The king hid his palm in his face, and then turned his wheel-less revolving chair to the left, palming the slave underneath slightly so it would obey faster. “You are the cucker, if my memory doesn’t need to be trialed for betrayal. Is that right? Or is reality wrong again?”
“No, sir, you are right,” Cutbastra said, remembering who he was dealing with. Then he leaned over the King’s desk to peer over the window, at the mud streets below, where people fought with knives as a form of entertainment and a fat Pomeranian that had somehow found its way to this den of poverty and corruption acted as the referee.
He pointed at the scrap of mangled gold and gems over his head. “Of course I am, I am king. He who wears the crown wields nothing but the truth.”
“I thought this was a parliamentary monarchy. Why are people so poor?”
“Because it is a parliamentary monarchy.”
Cutbastra leaned back , hands joined in front of his mouth. “Why do they live like this if they can vote?”
The king shrugged and swiveled his slave-powered chair to face Cutbastra once more. “Just because we have elections it doesn’t mean any of the candidates are on their side.”
“Democracy 101, I see.” Cutbastra tilted his head back, switching his attention to the gold-patterned, impolite red ceiling as he thought. “Well, I need people to be married to cultivate and save our planet from a world ending threat, so… can you force marriages for everyone above the age of consent?”

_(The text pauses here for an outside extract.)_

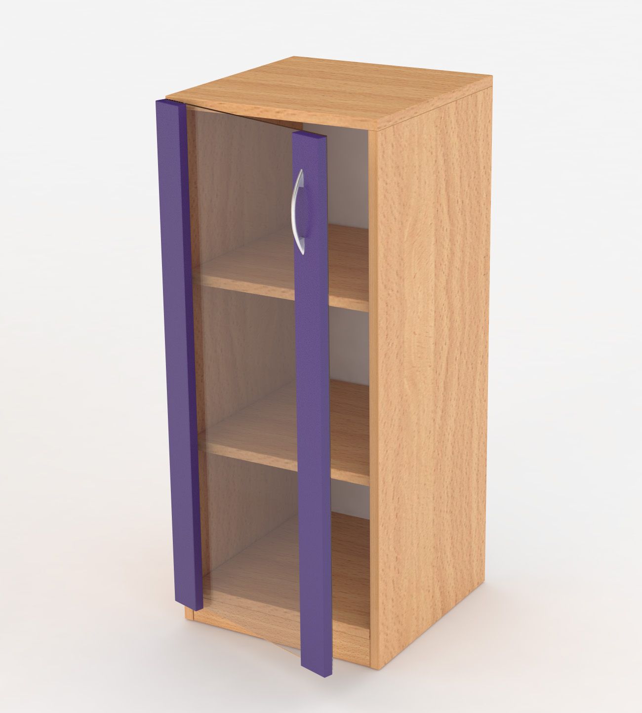 Dřevěná skříň s policemi a barevnými částečně prosklenými dvířky s úchyty. Vhodná do kanceláří, kabinetů nebo ředitelny. Barevná dvířka lze sladit s barvou okolí. Korpusy a dvířka jsou vyráběny z materiálu LTD s ABS hranou v bukovém odstínu. Rozměr: 95 x 40 x 40 cm. Barevné provedení uveďte do poznámky u objednávky.

The king considered it a second. “How does this benefit me, again?”
“The world doesn’t end?”
“Right, that would be bad for the economy. Go fetch the prime minister, I will talk to him about your proposal.”
Cutbastra stood from his chair with renewed energy. “Where can I find him or her?”
“Partaking in the knife fight. He supports them as the national sport.”
“Why would anyone do that? And which one of the participant is he? the long or short haired one?”
“Well, the alternative was dog fights, and he is a great lover of animals. He even fucked some literal bitches.”
Cutbastra’s face became a testament to the punishment righteous men all over the world were subjected to. He raised a finger to protest, but the King gestured for him to lower it.
“It’s not as bad as it sounds, the prime minister is just the arbiter of the fight.”
Cutbastra’s brain did 2+2 and he smiled stupidly as his eyes became a thin line. “is he the Pomeranian?”
“Indeed, he is the most honest PM we ever had.”
Cutbastra felt joy surging from the depths of his soul and washing all over him for a moment, just for it to be crushed by the absurdity of reality immediately afterwards. “You need to consult a dog to legalize forced marriage?” he said, raising an eyebrow like a man that is absolutely convinced that he can cuck the guillotine into submission.
The king smiled for the first time since their unexpected , at least for him, rendezvous. “Indeed, he’s the incumbent prime minister.”
Cutbastra left his chair, and without further speaking, shuffled his feet out of the office. He wasn’t going to rush to fetch the PM pom. What could the king do? Deny him? The king? A married man? Ha, he better didn't!